Des adolescents inspirés par l’Etat islamique (EI) prévoyaient de mener une attaque terroriste majeure à Melbourne la semaine prochaine, selon la police australienne. L’attentat aurait eu lieu à l’occasion du 100e anniversaire du débarquement des troupes australiennes à Gallipoli lors de la Première Guerre mondiale.

Cinq jeunes hommes âgés de 18 et 19 ans et originaires de la banlieue de Melbourne ont été interpellés lors d’une opération qui a mobilisé quelque 200 policiers dans le cadre d’une enquête d’un mois. Des responsables policiers ont indiqué être certains que la menace terroriste présentée par les jeunes gens, qui entendaient s’en prendre à des représentants de la loi, avait été maîtrisée.

Deux des adolescents sont soupçonnés de terrorisme et un troisième a été appréhendé pour détention d’armes. Les deux autres ont été placés en détention et collaborent avec l’enquête de la police.
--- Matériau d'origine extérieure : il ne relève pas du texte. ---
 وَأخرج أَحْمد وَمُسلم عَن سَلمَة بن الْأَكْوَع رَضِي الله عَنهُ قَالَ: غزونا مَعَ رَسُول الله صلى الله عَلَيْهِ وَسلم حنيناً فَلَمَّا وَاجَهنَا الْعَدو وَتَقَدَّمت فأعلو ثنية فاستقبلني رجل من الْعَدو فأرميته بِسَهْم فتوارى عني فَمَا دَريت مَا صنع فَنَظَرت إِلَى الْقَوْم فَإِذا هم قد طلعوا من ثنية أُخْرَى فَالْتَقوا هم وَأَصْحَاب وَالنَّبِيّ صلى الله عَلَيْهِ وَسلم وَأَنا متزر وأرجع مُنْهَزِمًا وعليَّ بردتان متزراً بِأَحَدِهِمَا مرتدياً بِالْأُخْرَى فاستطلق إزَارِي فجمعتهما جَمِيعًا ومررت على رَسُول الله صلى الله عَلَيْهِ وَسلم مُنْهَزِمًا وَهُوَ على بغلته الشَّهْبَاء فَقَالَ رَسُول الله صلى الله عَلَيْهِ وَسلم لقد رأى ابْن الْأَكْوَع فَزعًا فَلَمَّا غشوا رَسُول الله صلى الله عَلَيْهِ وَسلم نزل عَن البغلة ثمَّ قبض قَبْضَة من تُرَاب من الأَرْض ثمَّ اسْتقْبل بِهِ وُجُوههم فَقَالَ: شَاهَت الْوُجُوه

Des perquisitions ont été effectuées à Melbourne par une unité antiterroriste. Le préfet adjoint de la police fédérale australienne a précisé que les suspects s’inspiraient clairement de l’EI et qu’ils visaient les manifestations prévues à Melbourne pour le centenaire du débarquement de Gallipoli, le 25 avril.

Sanglante bataille

«L’ANZAC Day» est une journée symbolique importante célébrée en Australie et en Nouvelle-Zélande. Elle commémore la sanglante bataille de Gallipoli des Australiens et Néo-Zélandais contre l’armée ottomane en 1915, ainsi que l’engagement de troupes en France et en Belgique.

Plus de 60 000 soldats australiens et néo-zélandais ont participé au débarquement dans la péninsule de Gallipoli et 11 500 y ont péri. Les cérémonies de cette année revêtent une importance particulière au vu du 100e anniversaire.
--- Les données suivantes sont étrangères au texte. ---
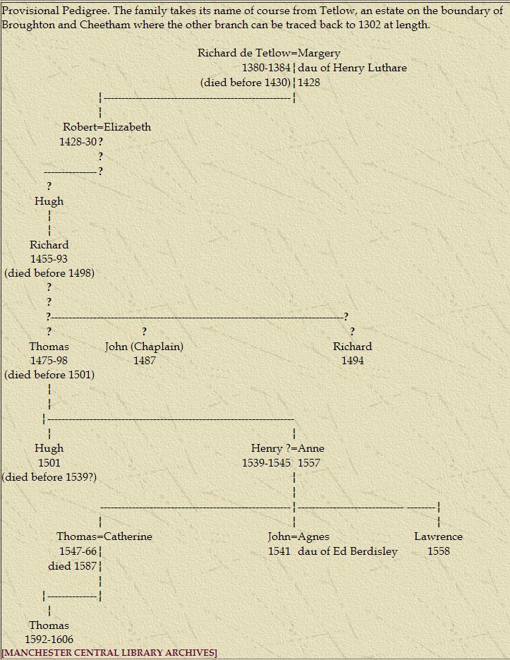 1315c | Amabel Radclyffe married Adam de Tetlow. Annabella Radclyffe married Jordan de Tetlow, their son Jordan married Alice, daughter of Thomas Prestwich and had a daughter and heiress Joan who married to Richard Langley C1347-1365. Edmund Radclyffe married Anne, eldest of three daughters of Edmund Tetlow of Coldhurst.

Investigations poursuivies

La police, qui soupçonne les islamistes de l’EI de vouloir organiser une action spectaculaire à cette occasion, a indiqué que des perquisitions se poursuivaient à Melbourne et que les investigations continuaient.

L’Australie a relevé en septembre dernier le niveau de son alerte contre le terrorisme, à la suite en particulier du départ d’au moins 110 de ses ressortissants vers l’Irak et la Syrie pour combattre au sein de l’EI. Plus de 30 d’entre eux sont rentrés depuis.